Robustness and uncertainty of direct numerical simulation under the influence of rounding and noise
Martin Karp, Niclas Jansson, Saleh Rezaeiravesh, Stefano Markidis,, Philipp Schlatter

TL;DR
This study investigates how reduced numerical precision and noise affect the accuracy and robustness of direct numerical simulations of turbulence, highlighting the benefits of stochastic rounding over deterministic methods.
Contribution
It introduces an experimental methodology to assess the impact of precision and noise on DNS and compares different rounding schemes and noise effects.
Findings
Stochastic rounding impacts results less than deterministic rounding.
Precision is crucial in regions with small velocity changes.
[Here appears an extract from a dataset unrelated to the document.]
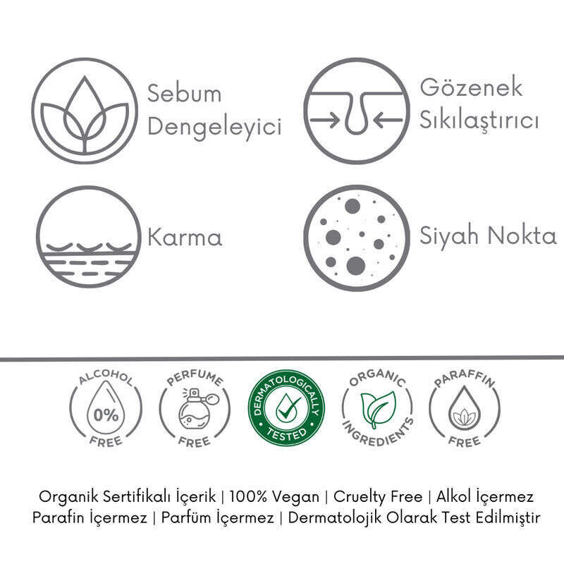 Cildi nazik bir şekilde fazla yağdan, kirden ve makyaj kalıntılarından temizler, gözenek görünümüne karşı bakım yapar ve sebumu dengelemeye yardımcı olur.

Noise has a lesser effect than deterministic rounding in turbulence simulations.
Abstract
Numerical precision in large-scale scientific computations has become an emerging topic due to recent developments in computer hardware. Lower floating point precision offers the potential for significant performance improvements, but the uncertainty added from reducing the numerical precision is a major obstacle for it to reach prevalence in high-fidelity simulations of turbulence. In the present work, the impact of reducing the numerical precision under different rounding schemes is investigated and compared to the presence of white noise in the simulation data to obtain statistical averages of different quantities in the flow. To investigate how this impacts the simulation, an experimental methodology to assess the impact of these sources of uncertainty is proposed, in which each realization at time is perturbed, either by constraining the flow to a coarser discretization…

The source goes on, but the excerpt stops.